The regulation makes clear that these measures listed under b. to g. may be applied without prior written warnings. In addition, the OJK may impose fines in addition to taking the measures under c. to g. The OJK may also take “other measures” against parties who fail to comply with their disclosure obligations. Such other measures may include a suspension of the issuance of a declaration of effectiveness of a registration statement in the framework of a public offering. Finally, the authority is granted the right –apparently as part of a naming and shaming strategy- to announce the imposition of administrative sanctions and “other measures” to the public. The intention of POJK 26/2017, therefore, seems to be to create a compelling deterrent effect that ensures the timely disclosure of bankruptcy-related information.
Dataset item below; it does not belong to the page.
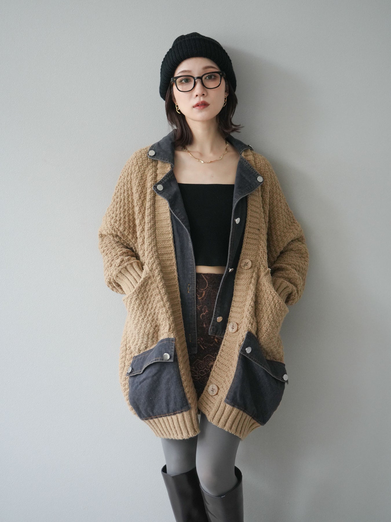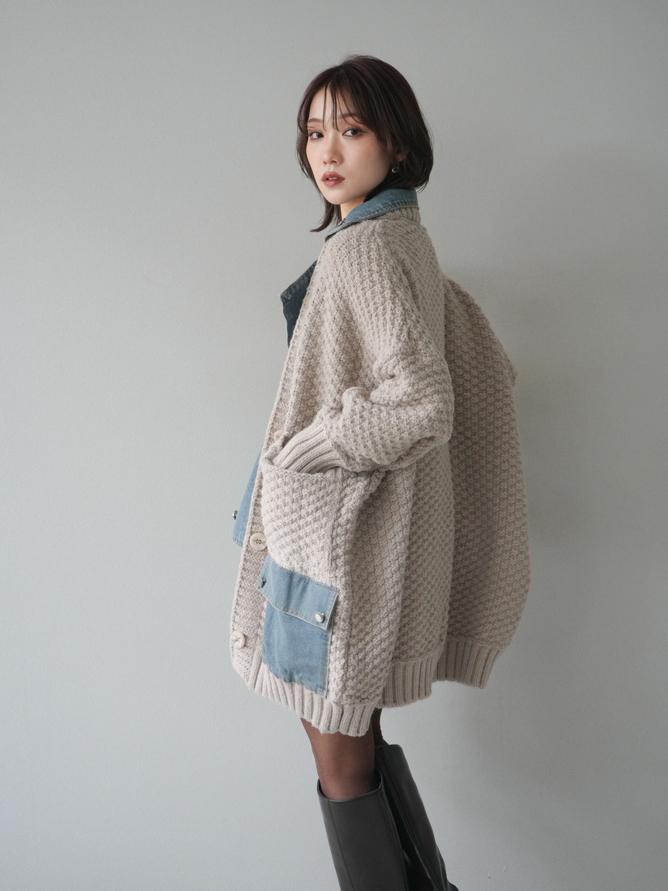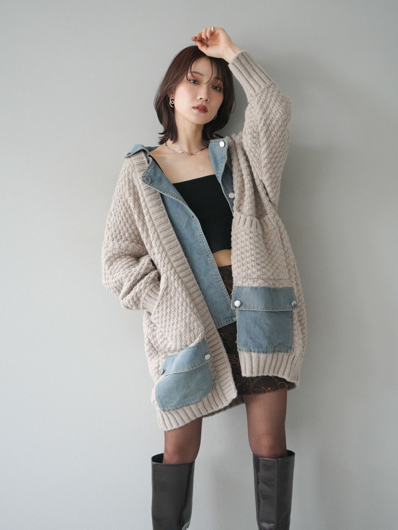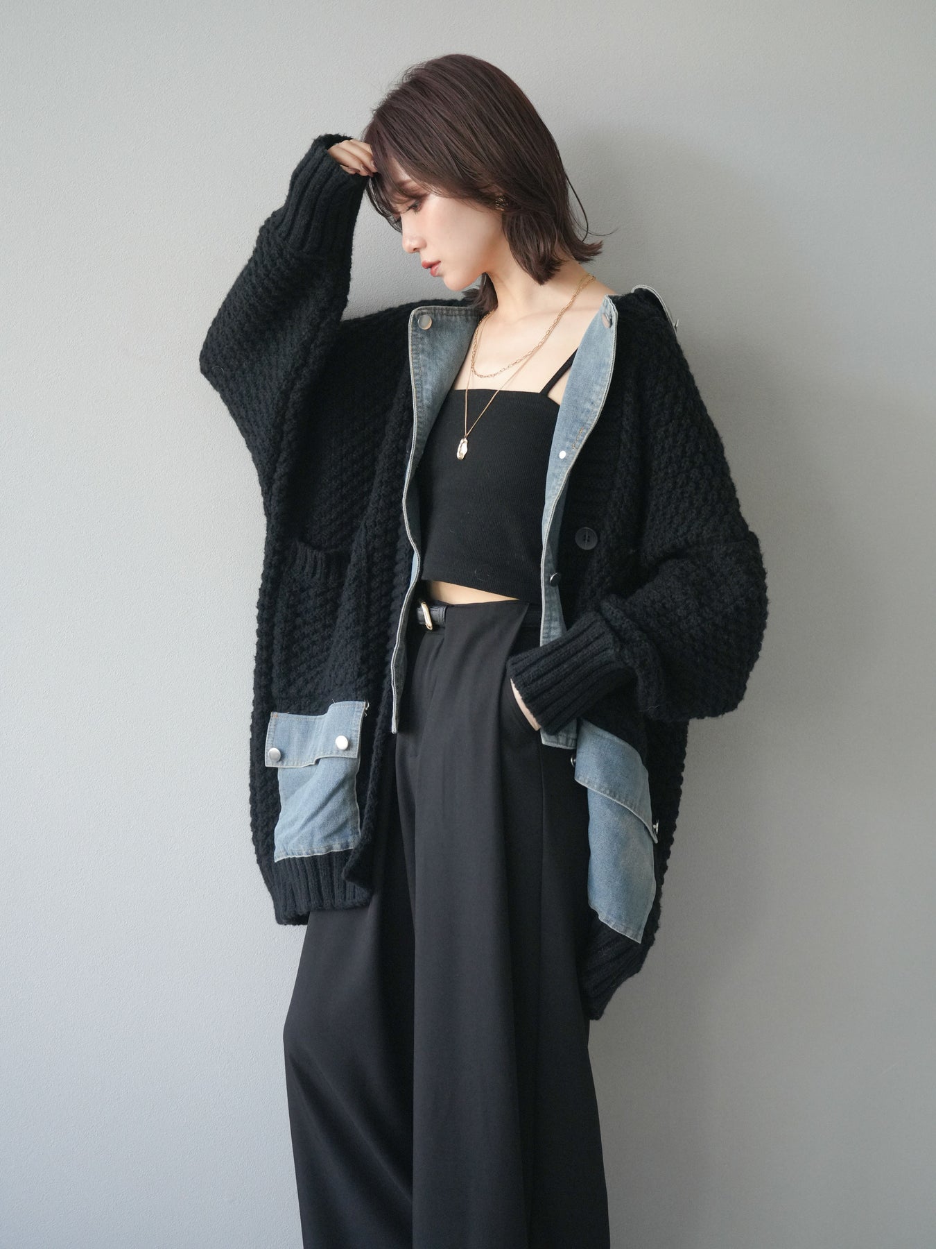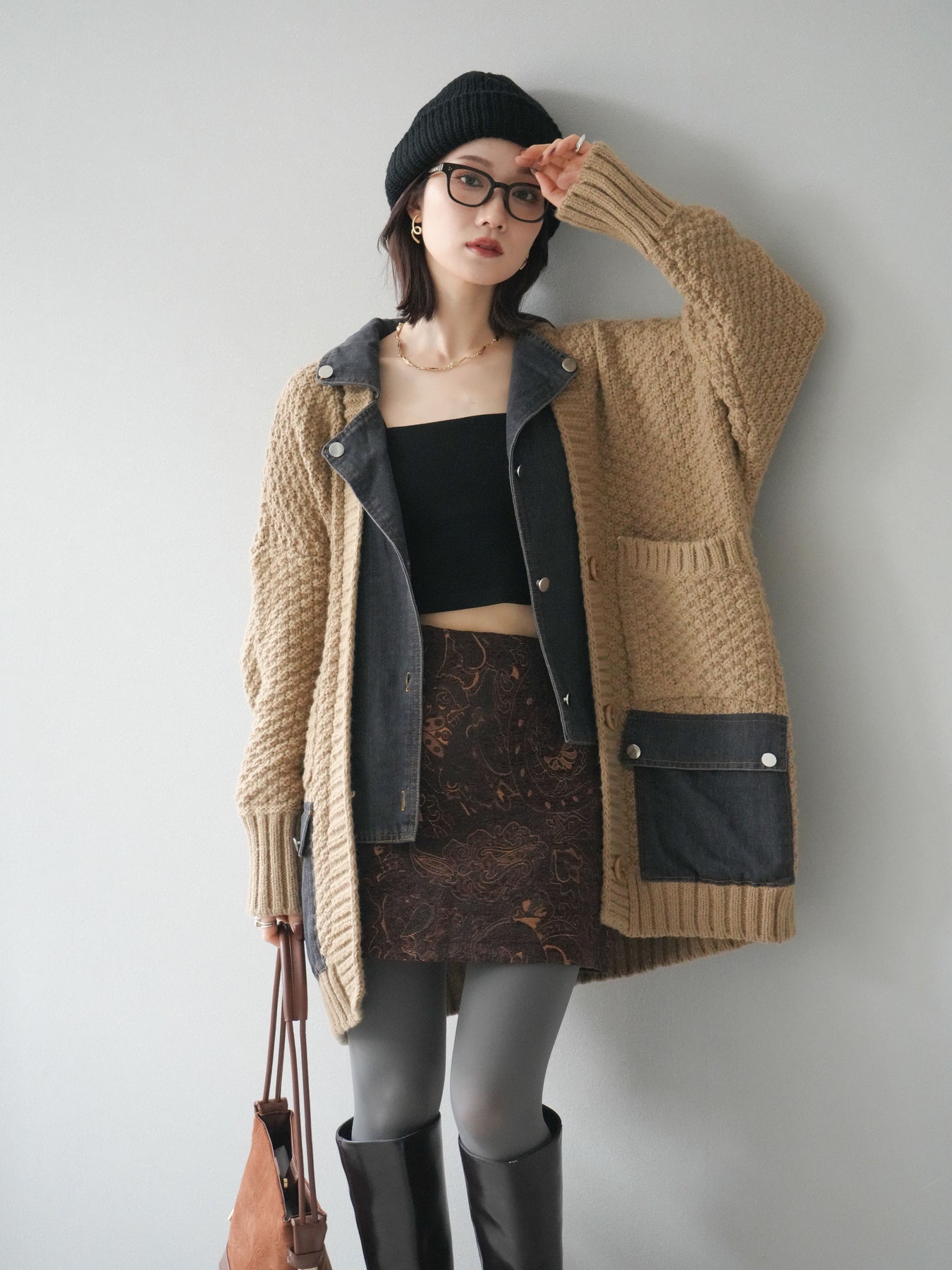 デニムとニットをドッキングした、存在感抜群のケーブルカーディガン。 ざっくりとしたケーブル編みと、デニムの切り替えが絶妙なバランスで、羽織るだけでこなれた印象を演出します。 ボリュームのあるシルエットながら軽やかな着心地で、アウターライクに使える一枚。 デニムの襟やポケットディテールがカジュアルさをプラスし、シンプルなコーディネートにも映えるデザインです。 季節の変わり目にさっと羽織れる、トレンド感のある万能アイテム。 ※ボトムス、キャミソール(インナー)以外の商品は一律でインナーは付属していません。

This regulation is expected to enhance the compliance level for issuers and public companies which experience a bankruptcy related event while still having a going concern business. However, it can be doubted whether the sanctions will have any deterrent effect on issuers or public companies that face bankruptcy related events, given that their business activities will cease anyway and it may be hard if not impossible to collect fines from these parties.
POJK 26/2017 was issued on 21 June 2017 and came into effect 22 June 2017 and replaces BAPEPAM-LK under Regulation No. Kep-46/PM/1998.